Еще один снаряд с жутким свистом пролетел над ними и угодил в крышу одного из домов. Шарль-Юбер велел всем спрятаться в погребе – единственном месте, где они были в безопасности. Сам он решил было пойти посмотреть, что стало с магазином в Нижнем городе, но здравый смысл подсказывал, что с этим можно повременить. Рок обрушился на него, словно английская бомба: это конец, он разорен…
* * *
Наступило утро – хмурое, зловещее. Адский дождь по-прежнему проливался на город. Изабель и ее родные всю ночь провели в молитвах – за себя и за Франсуазу с детьми, которые жили возле Рыночной площади. Изабель очень тревожилась о трех братьях, ибо только одному Богу было известно, где они и что с ними случилось. Едва забрезжил рассвет, Изабель, Мадлен, Батист и Перрена уже вышли из дома. Передвигаться по грязным улицам было нелегко, приходилось то и дело уворачиваться от повозок и карет – люди с пожитками покидали Квебек.
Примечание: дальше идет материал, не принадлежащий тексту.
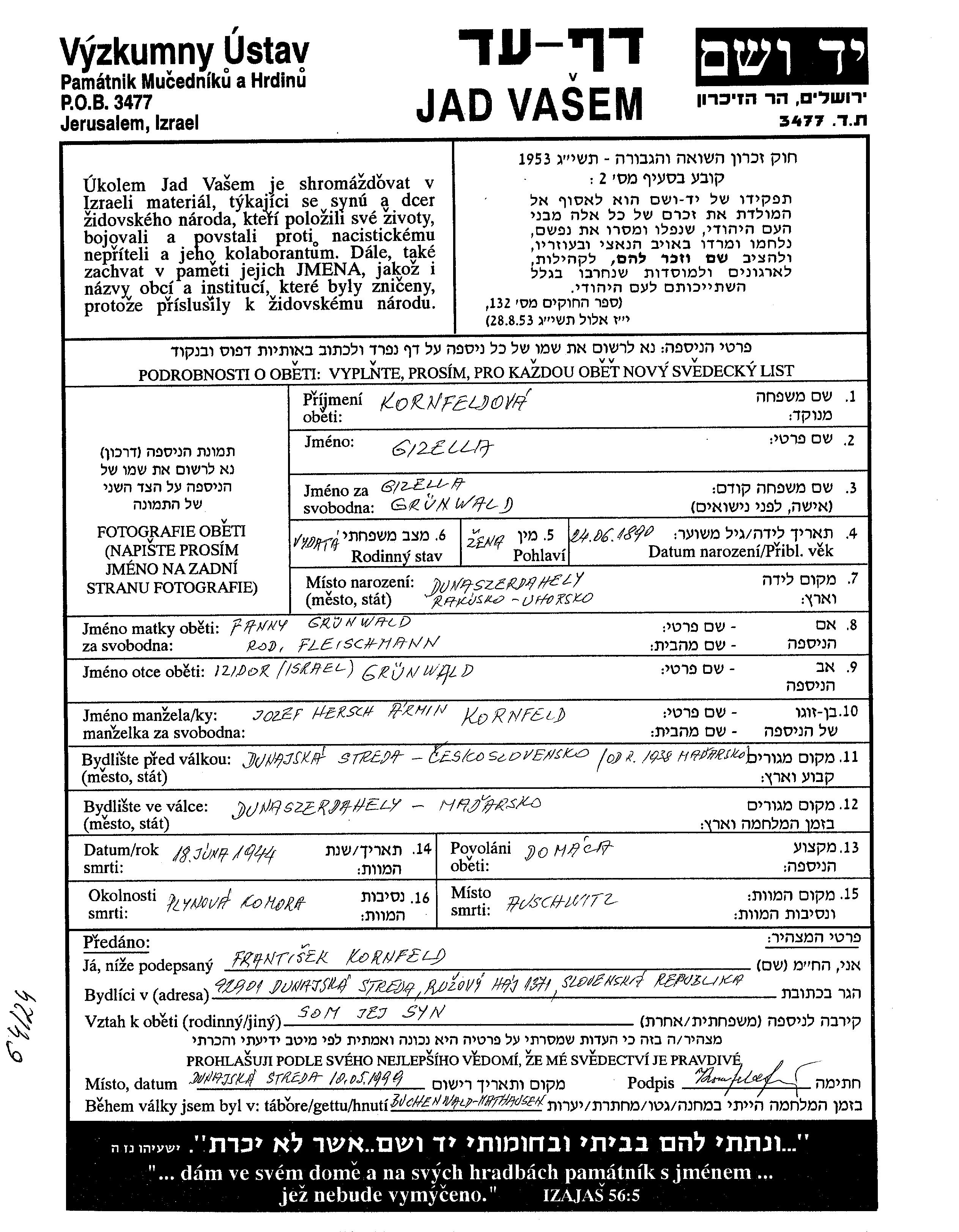 Gizella Kornfeld, geb. Grünwald wurde im Jahr 1890 in Dunaszerdahely, Tschechoslowakei geboren. Sie war die Tochter von Izidor Israel und Fanny. Sie war Domaca und mit Jozef Hersch Verheiratet. Vor dem Zweiten Weltkrieg lebte sie in Dunajska Streda, Tschechoslowakei. Während des Krieges war sie in Dunaszerdehely, Tschechoslowakei.

Девушка места себе не находила от беспокойства, поэтому настояла на том, чтобы, невзирая на продолжающуюся бомбардировку, отправиться на поиски Франсуазы с семьей. По мере того как они спускались в нижнюю часть города, тревога усиливалась. Разрушения здесь были значительные, в воздухе уже пахло разрухой, на многих окнах жалобно болтались оторванные ставни. Ополченцы как могли помогали жителям с эвакуацией. Тех, кто хотел остаться в городе, солдаты убеждали присоединиться к потоку беженцев. И все же главный собор, который тоже пострадал от бомб, был переполнен. Проходя мимо, Изабель перекрестилась.
На улице де ла Фабрик они прошли мимо дома вдовы Гийеметт. Все окна были зашторены. Проживавшее по соседству семейство Бурасса как раз втаскивало на повозку сундук с добром. Мимо проскочила, отчаянно визжа, преследуемая сворой собак свинья. В нескольких футах упал снаряд. Изабель вскрикнула, увернулась от посыпавшихся обломков и бросилась догонять Батиста. Испуганная кошка перебежала им дорогу и спряталась под ближайшими порожками.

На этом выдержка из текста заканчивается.